Pleraplysilla minchini Topsent, 1905 Fig. 13
Pleraplysilla minchini Topsent, 1905: 184.
Description.
Growth form encrusting (1-5 mm in thickness). Consistency soft. Colour light brown to light grey. Surface finely conulose. Exhalant canals evident on the sponge surface, converging in scattered oscules 1-2 mm in diameter. Flagellate chambers from oval to rounded (50-90 µm in diameter). Skeleton typically dendritic with fibres (1-3 mm in height ca. 160 µm in diameter at their base) rising from a basal plate. Fibres laminated, normally with a single apex supporting a conule but, in some cases, arborescent with 2-3 branches. Fibres evidently cored with irregularly dense foreign debris, mainly spicule fragments.
Habitat.
Cave, rocky bottom, artificial reefs. Bathymetric range 1-30 m.
Mediterranean caves.
Niolon Cave (Gulf of Lions); Monte Vico, Secca delle Formiche-Vivara, Mago caves (Central Tyrrhenian Sea) (Laborel and Vacelet 1958; Pulitzer-Finali and Pronzato 1976; Pansini et al. 1977; Pulitzer-Finali 1977; Pronzato and Manconi 2011).
Remarks.
As for diagnostic traits the genus Pleraplysilla is anomalous among the Dictyoceratida, for the trait 'dendritic not anastomosing skeleton’ . As for the taxonomic status Pleraplysilla minchini is regarded by Vacelet (1959) as a synonym of Pleraplysilla spinifera . Later authors, as Cabioch (1968) and Borojevic et al. (1968), considered both species as valid. The material available for our study seems to confirm a specific divergence between the two. Pleraplysilla spinifera is generally recognizable at sight by the very pronounced, spaced conules.

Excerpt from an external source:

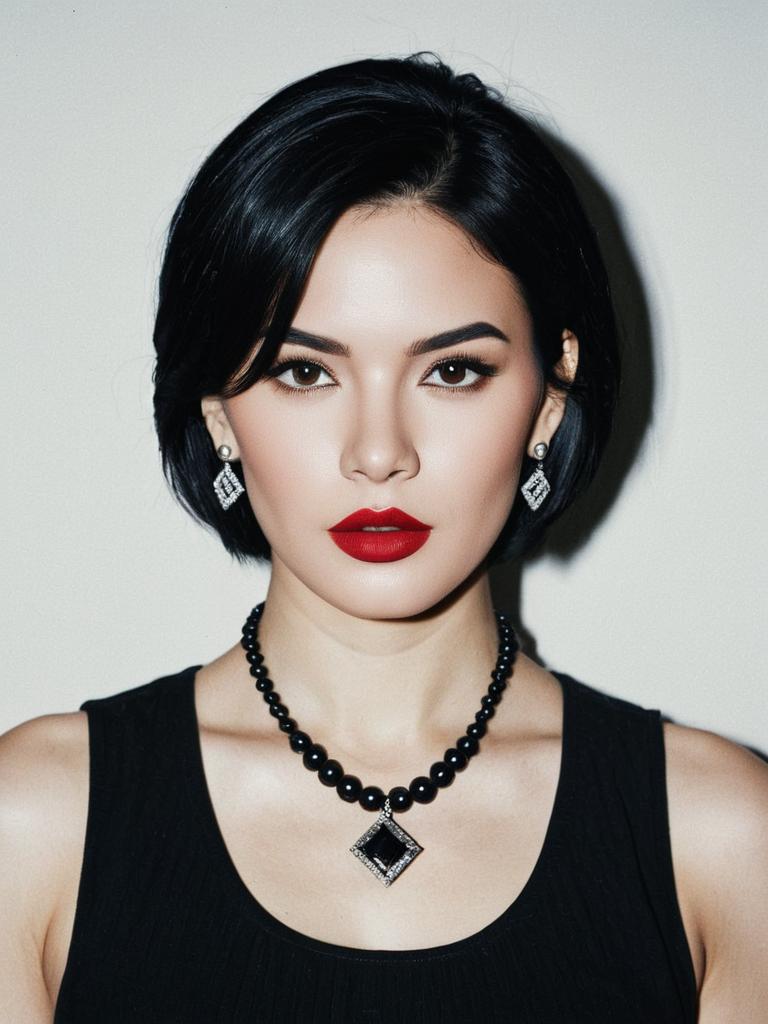 Elegant Woman with Black Bob Hairstyle and Red Lipstick Wearing Jewelry
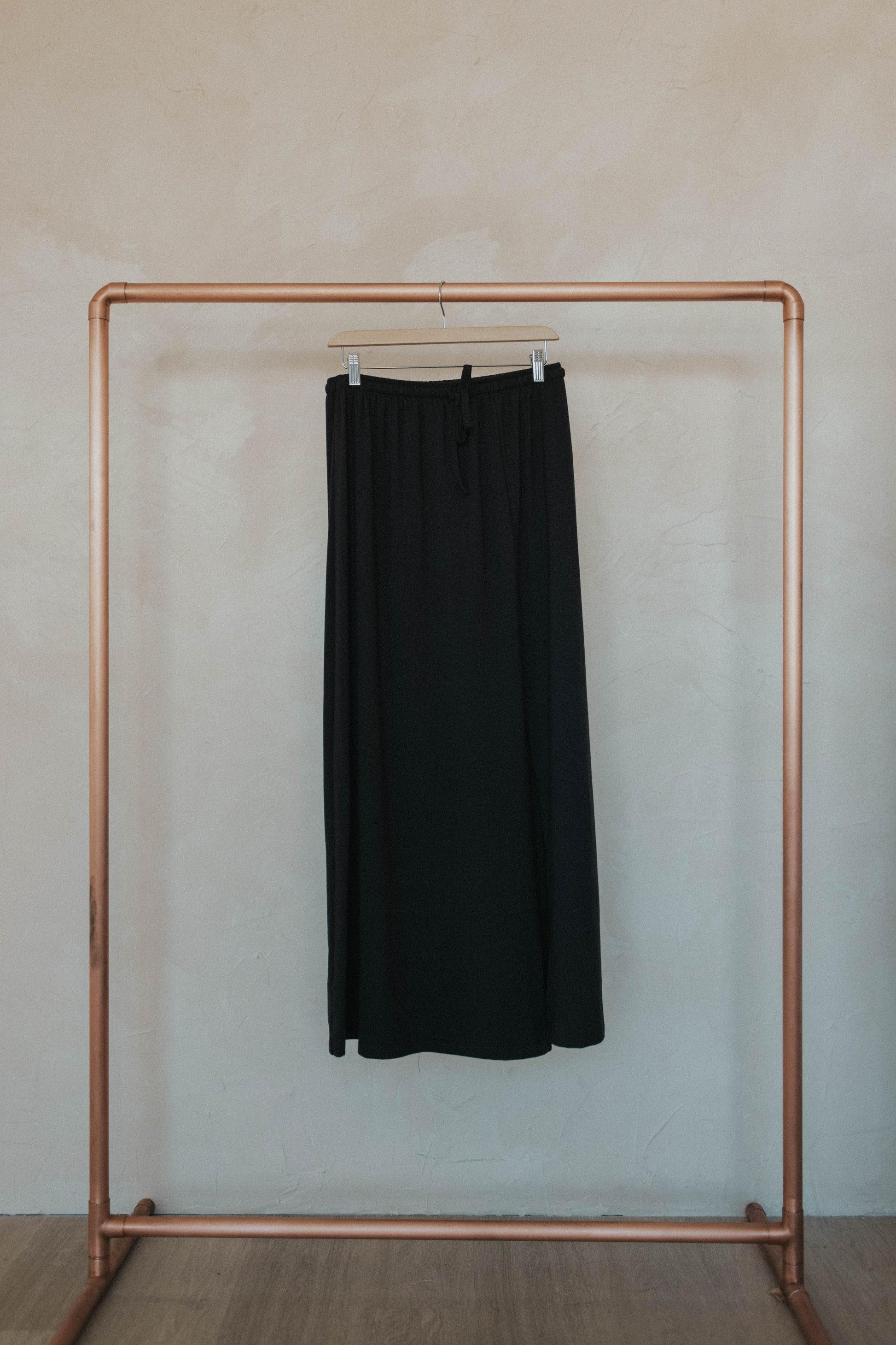 We have a brand new skirt for fall! This relaxed fit maxi skirt features a front slit and drawstring adjustable waist. You can dress this one up or down!

Its fibres reach a length of 12 mm, with a thickness of 450 µm near the base; they are generally branched; sometimes more than one fibre starts from a common basal plate; the inclusions are mostly closely-packed sand grains. In Pleraplysilla minchini the fibres are less widely spaced, they reach not more than 3 mm in length and a diameter of 160 µm near the base; they are generally not branched and there is a prevalence of sponge spicules in their inclusions.